Film Festival Launches 10th Anniversary Celebrations
Film Festival Launches its 10th Anniversary Celebrations with Caribbean Spirit
Bridgetown, Barbados
The dates are set for the highly anticipated 10th anniversary celebrations of the CaribbeanTales International Film Festival (CTFF). To the delight of fans, film aficionados and cultural connoisseurs, the famed festival returns to the exciting downtown Toronto core from Sept. 9th 2015.
To kick off this milestone celebration, organisers have announced the 2015 theme: CARIBBEAN SPIRIT explores the extraordinary dynamism and diversity of Caribbean heritages, in all their myriad incarnations. The Program will also include a retrospective of the best Caribbean-themed films of past years.
This year’s festival is headed by an impressive Steering Group of new and veteran CTFF associates including Trinidad and Tobago filmmaker Mandisa Pantin (Programming Co-ordinator), and Toronto-based digital storyteller Emmanuelle Pantin (Community Partnerships and Screenings Coordinator).
It brings together noted arts and media practitioners like (among others) industry programmer, Chloe Sosa Simms; producer, Lea Marin; filmmaker and writer, Elizabeth Topp; fundraising and grants specialist, Lauren Mohammed; cultural communicator, Stephen Weir; marketer, Louise Noel Ambrose; gender equality activist, Stephanie Leitch; and cultural entrepreneur, Frank Francis. The full Who’s Who of CTFF 2015 is on the festival’s newly revamped website.
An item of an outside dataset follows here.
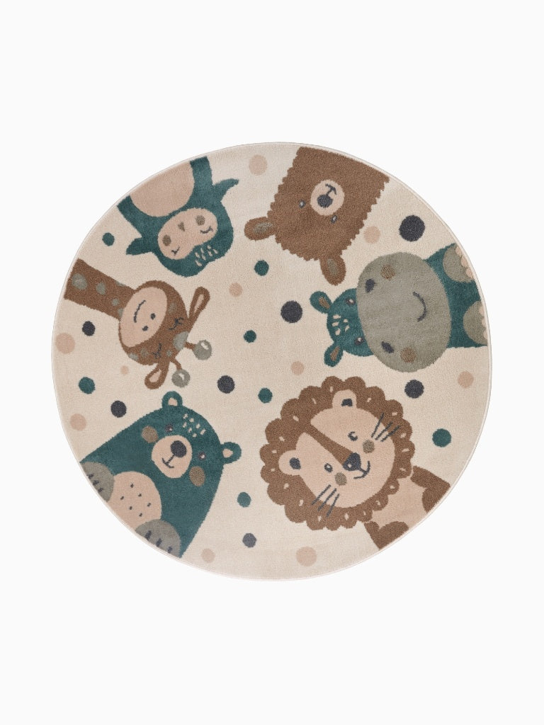 Kinderkleed met dieren, beige, rond

The renowned CT Incubator (CTI), now in its 6th year, that supports filmmakers to develop strong original indigenous content for the international market, will once again run concurrently with the festival, led by Manager Nicole Brooks and coordinated by Timmia Hearn Feldman.
This year the festival is supported by CaribbeanTales Worldwide Distribution’s “3D Distribution Project”. Financed by the ACP Cultures+ Programme of the European Union, “3D” aims to strengthen and promote regional audiovisual content, and build sustainable distribution networks for Caribbean film and television.
Running alongside the mammoth and prestigious Toronto International Film Festival, CTFF’s longevity and ongoing success is a testament to the strength of Caribbean film stories and their ability to stand tall in the international marketplace.
In 2015, CTFF continues to promote the talents of established and emerging filmmakers of Caribbean heritage who practice their art across the Region and worldwide Diaspora, and to provide a global platform for them to share their distinctive and original stories.